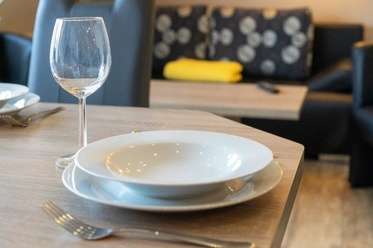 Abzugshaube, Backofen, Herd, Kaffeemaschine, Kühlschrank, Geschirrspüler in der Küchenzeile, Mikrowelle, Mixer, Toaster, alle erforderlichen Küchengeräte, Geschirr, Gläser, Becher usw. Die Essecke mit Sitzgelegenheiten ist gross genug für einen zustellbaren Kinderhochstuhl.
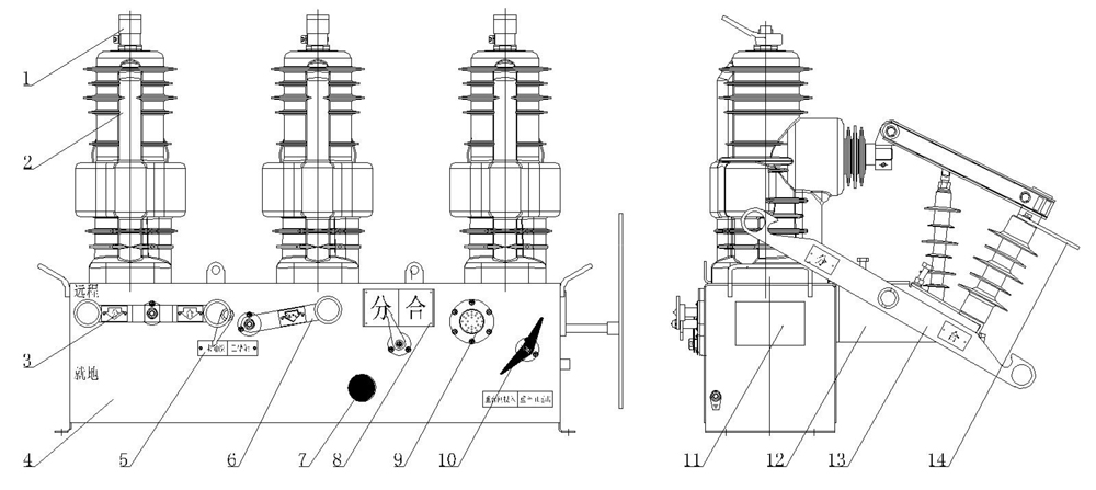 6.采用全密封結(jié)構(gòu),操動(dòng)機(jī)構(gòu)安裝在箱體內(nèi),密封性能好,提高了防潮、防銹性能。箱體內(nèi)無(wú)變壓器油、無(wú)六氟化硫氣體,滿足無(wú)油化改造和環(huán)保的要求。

--

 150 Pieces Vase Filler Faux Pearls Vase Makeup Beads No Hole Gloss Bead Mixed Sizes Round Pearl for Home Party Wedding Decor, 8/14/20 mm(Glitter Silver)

---

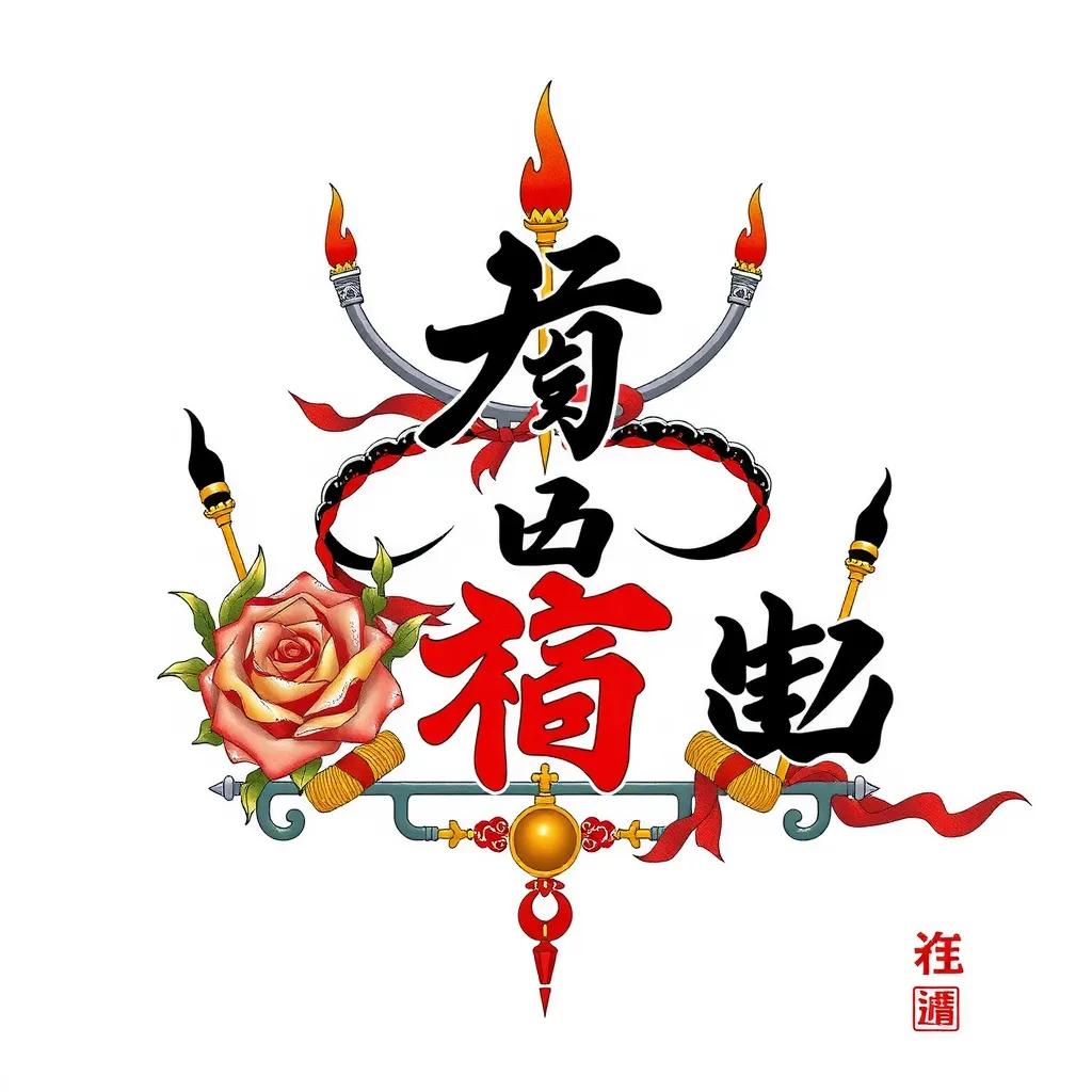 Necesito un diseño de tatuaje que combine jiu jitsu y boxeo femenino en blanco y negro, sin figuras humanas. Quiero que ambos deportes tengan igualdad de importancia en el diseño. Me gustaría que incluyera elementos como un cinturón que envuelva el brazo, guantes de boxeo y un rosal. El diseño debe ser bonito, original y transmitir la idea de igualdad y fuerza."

- Description of the task -
In the records above, find the line with "einen zustellbaren Kinderhochstuhl.". Print exactly from there through the line with "6.采用全密封結(jié)構", minus the pictures.

- Worked solution -
 Abzugshaube, Backofen, Herd, Kaffeemaschine, Kühlschrank, Geschirrspüler in der Küchenzeile, Mikrowelle, Mixer, Toaster, alle erforderlichen Küchengeräte, Geschirr, Gläser, Becher usw. Die Essecke mit Sitzgelegenheiten ist gross genug für einen zustellbaren Kinderhochstuhl.
 6.采用全密封結(jié)構(gòu),操動(dòng)機(jī)構(gòu)安裝在箱體內(nèi),密封性能好,提高了防潮、防銹性能。箱體內(nèi)無(wú)變壓器油、無(wú)六氟化硫氣體,滿足無(wú)油化改造和環(huán)保的要求。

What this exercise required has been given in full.